[<prev] [next>] [<thread-prev] [thread-next>] [day] [month] [year] [list]
Message-ID: <20150121090553.GC23024@ad.nay.redhat.com>
Date: Wed, 21 Jan 2015 17:05:53 +0800
From: Fam Zheng <famz@...hat.com>
To: "Michael Kerrisk (man-pages)" <mtk.manpages@...il.com>
Cc: linux-kernel@...r.kernel.org, Thomas Gleixner <tglx@...utronix.de>,
Ingo Molnar <mingo@...hat.com>,
"H. Peter Anvin" <hpa@...or.com>, x86@...nel.org,
Alexander Viro <viro@...iv.linux.org.uk>,
Andrew Morton <akpm@...ux-foundation.org>,
Kees Cook <keescook@...omium.org>,
Andy Lutomirski <luto@...capital.net>,
David Herrmann <dh.herrmann@...il.com>,
Alexei Starovoitov <ast@...mgrid.com>,
Miklos Szeredi <mszeredi@...e.cz>,
David Drysdale <drysdale@...gle.com>,
Oleg Nesterov <oleg@...hat.com>,
"David S. Miller" <davem@...emloft.net>,
Vivek Goyal <vgoyal@...hat.com>,
Mike Frysinger <vapier@...too.org>,
"Theodore Ts'o" <tytso@....edu>,
Heiko Carstens <heiko.carstens@...ibm.com>,
Rasmus Villemoes <linux@...musvillemoes.dk>,
Rashika Kheria <rashika.kheria@...il.com>,
Hugh Dickins <hughd@...gle.com>,
Mathieu Desnoyers <mathieu.desnoyers@...icios.com>,
Peter Zijlstra <peterz@...radead.org>,
linux-fsdevel@...r.kernel.org, linux-api@...r.kernel.org,
Josh Triplett <josh@...htriplett.org>,
Paolo Bonzini <pbonzini@...hat.com>
Subject: Re: [PATCH RFC 0/6] epoll: Introduce new syscall "epoll_mod_wait"

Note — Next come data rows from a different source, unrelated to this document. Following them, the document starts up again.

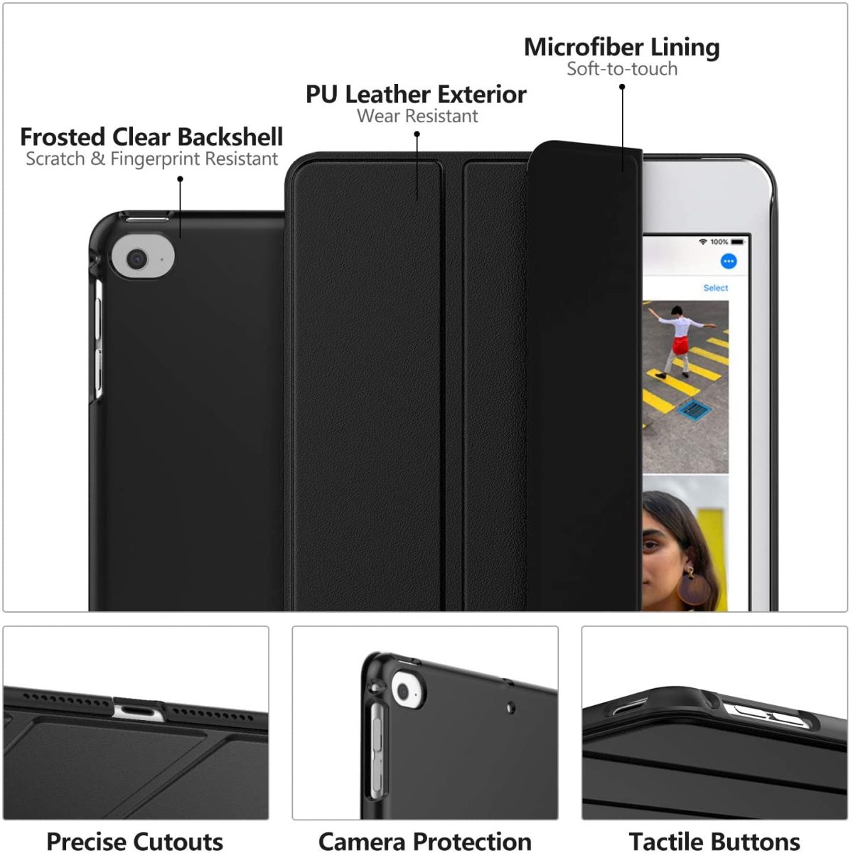 MOCA Case for 7.9″ inch iPad Mini 5 / Mini 4 iPad Mini A2133 A2124 A2126 A2125 A1538 A1550 Translucent Back Stand Flip Cover case (Black)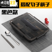 三维工匠餐盘分格上班族大容量食堂保温饭盒分隔型304不锈钢学生餐盒套装 透明黑4格+餐具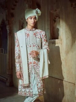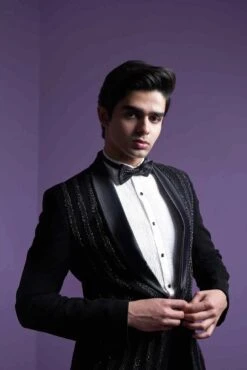 Midnight Blue Hand Embroidered Jodhpuri Set With Buta Brocade Kurta And Fusing Pants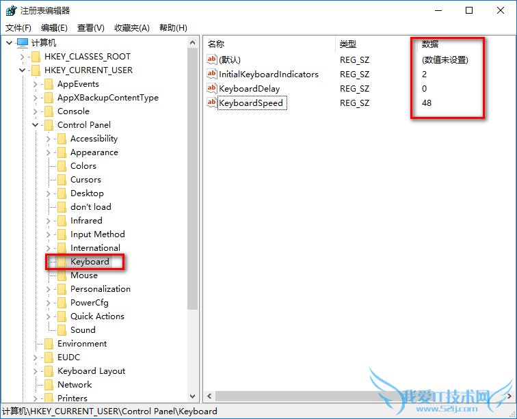KeyboardSpeed(是键盘速度),设置为“48”(根据自己的需要,也可以设置为其它值)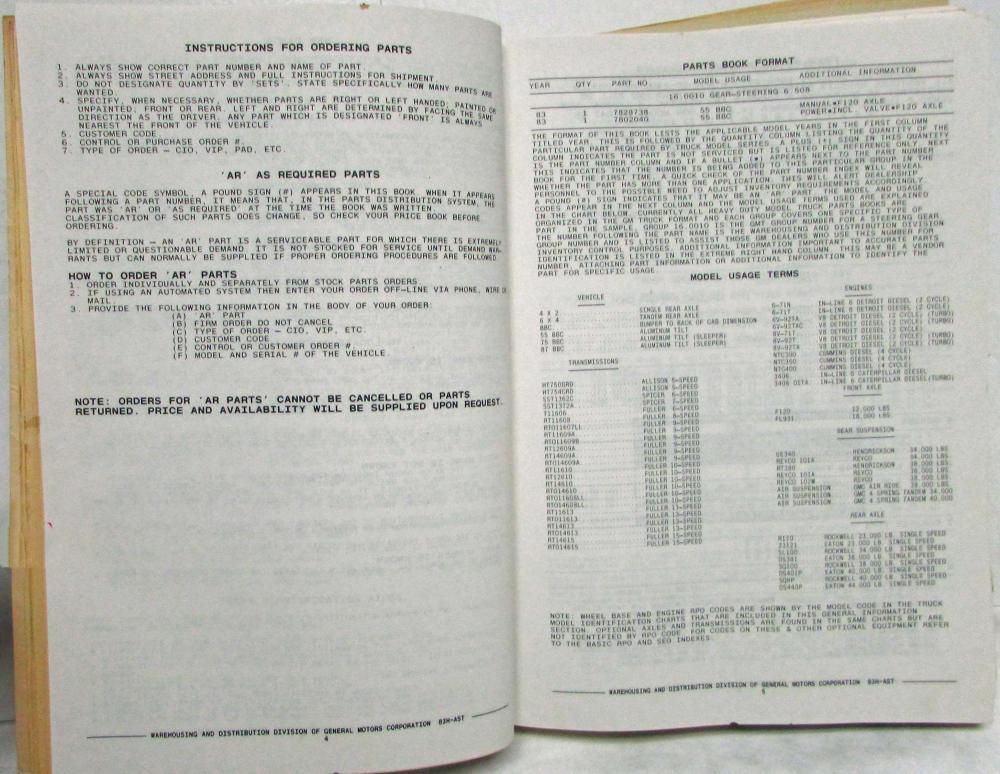 Condition: Parts Books are used in Dealership Shops, Independent Garages and in Fleet Environments and thus can reflect such use, most often showing extensive signs of soiling, age, and wear. The information within is still legible and can give valuable insight. The images shown are representative of what is shipped. An informative piece that will be a great and useful addition to the GM Truck Owner or Collector.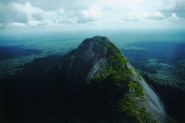 Un claro de dientes de león se encuentra con los rayos del sol desde detrás de los densos pinosUn claro de dientes de León se encuentra con los rayos del sol desde detrás de los densos pinos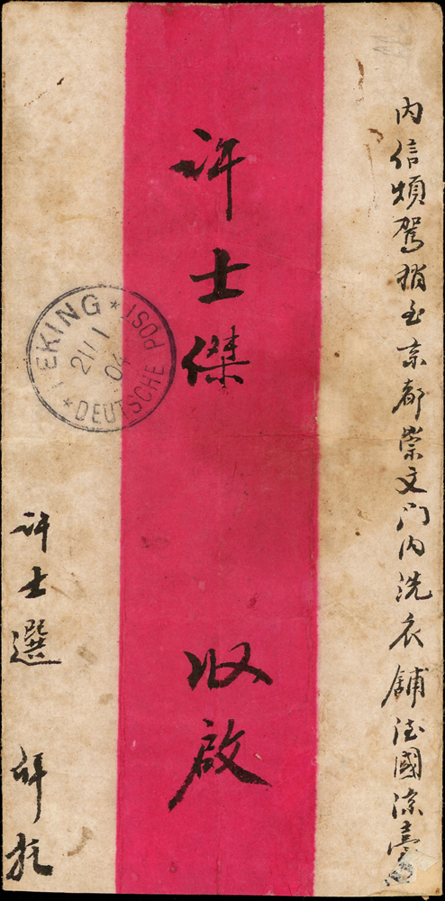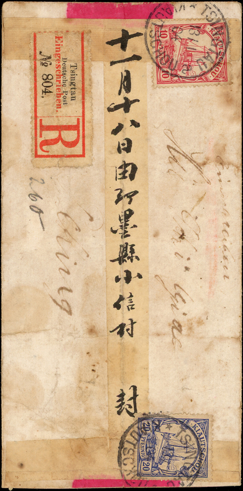 1904年青島寄北京中式紅條掛號封,背貼膠州德國10芬尼吉20芬尼客郵各一枚,銷13/1.04青島客郵戳,北京21/1.04德國客郵到戳 源流:郵史研究第28期『膠州郵史續探』第19頁原件,2011.4海峽兩岸郵史研究會出版(Page 15)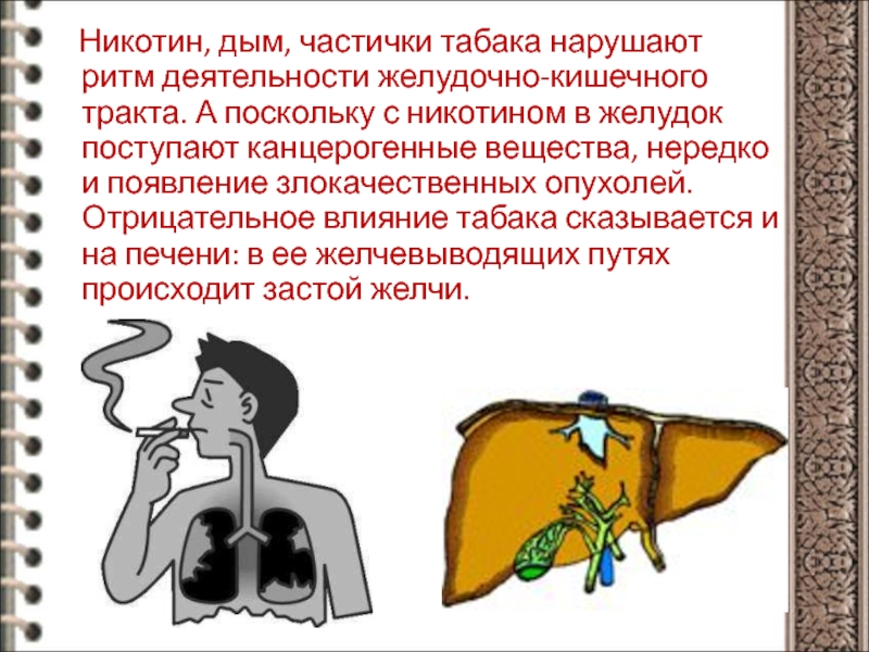 Слайд 36 Никотин, дым, частички табака нарушают ритм деятельности желудочно-кишечного тракта.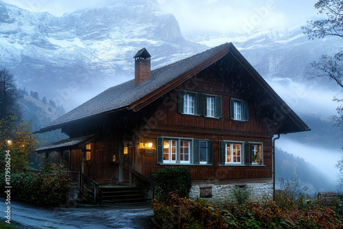 Charming traditional Swiss chalet nestled in a snowy mountain setting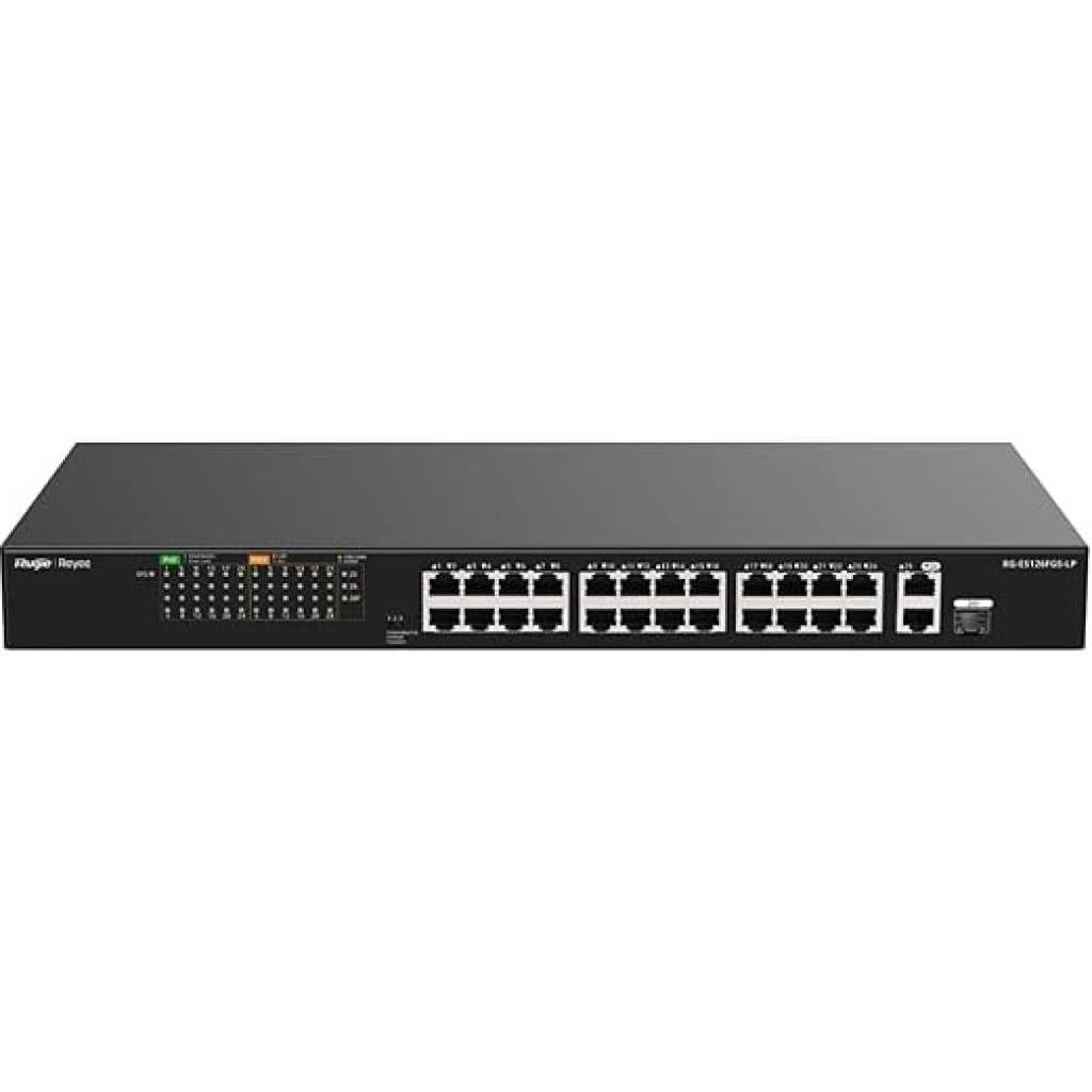Key Features: Ruijie RG-ES126FGS-LP, 24-Port 10/100 Mbps with 2-Port Gigabit Unmanaged PoE Switch 24-port 10/100 Mbps with 2-port Gigabit unmanaged PoE switch Unmanaged switch, which is visible on Ruijie Cloud Intelligent and secure CCTV network Intelligent PoE Management High-quality design Applicable to various scenarios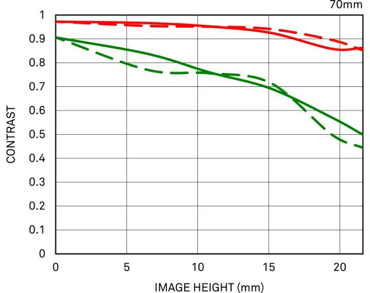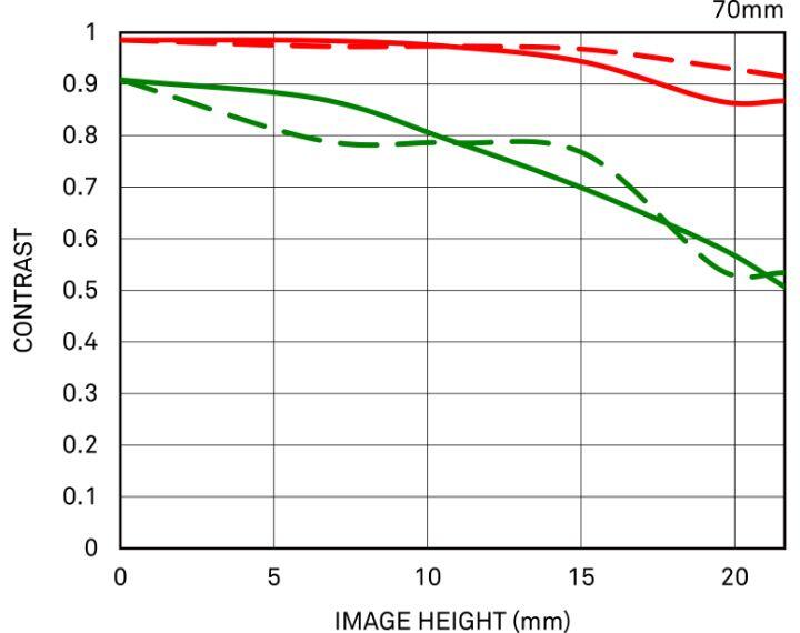 上記MTF性能曲線図は絞り開放時のデータです。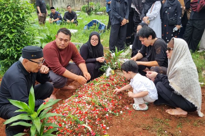 Gilang Dirga terlihat langsung turun ke liang lahat untuk menguburkan dan membacakan azan pada jenazah ayahnya dengan penuh keteguhan. (*)

On Tue, 01/20 13:48, Michael Kerrisk (man-pages) wrote:
> Hello Fam Zheng,
>
> I know this API has been through a number of iterations, and there were
> discussions about the design that led to it becoming more complex.
> But, let us assume that someone has not seen those discussions,
> or forgotten them, or is too lazy to go hunting list archives.
>
> Then: this patch series should somewhere have an explanation of
> why the API is what it is, ideally with links to previous relevant
> discussions. I see that you do part of that in
>
> [PATCH RFC 5/6] epoll: Add implementation for epoll_mod_wait
>
> There are however no links to previous discussions in that mail (I guess
> http://thread.gmane.org/gmane.linux.kernel/1861430/focus=91591 is most
> relevant, nor is there any sort of change log in the commit message
> that explains the evolution of the API. Having those would ease the
> task of reviewers.
>
> Coming back to THIS mail, this man page should also include an
> explanation of why the API is what it is. That would include much
> of the detail from the 5/6 patch, and probably more info besides.
>
> Some specific points below.
>
> On 01/20/2015 10:57 AM, Fam Zheng wrote:
> > This adds a new system call, epoll_mod_wait. It's described as below:
> >
> > NAME
> > epoll_mod_wait - modify and wait for I/O events on an epoll file
> > descriptor
> >
> > SYNOPSIS
> >
> > int epoll_mod_wait(int epfd, int flags,
> > int ncmds, struct epoll_mod_cmd *cmds,
> > struct epoll_wait_spec *spec);
> >
> > DESCRIPTION
> >
> > The epoll_mod_wait() system call can be seen as an enhanced combination
> > of several epoll_ctl(2) calls, which are followed by an epoll_pwait(2)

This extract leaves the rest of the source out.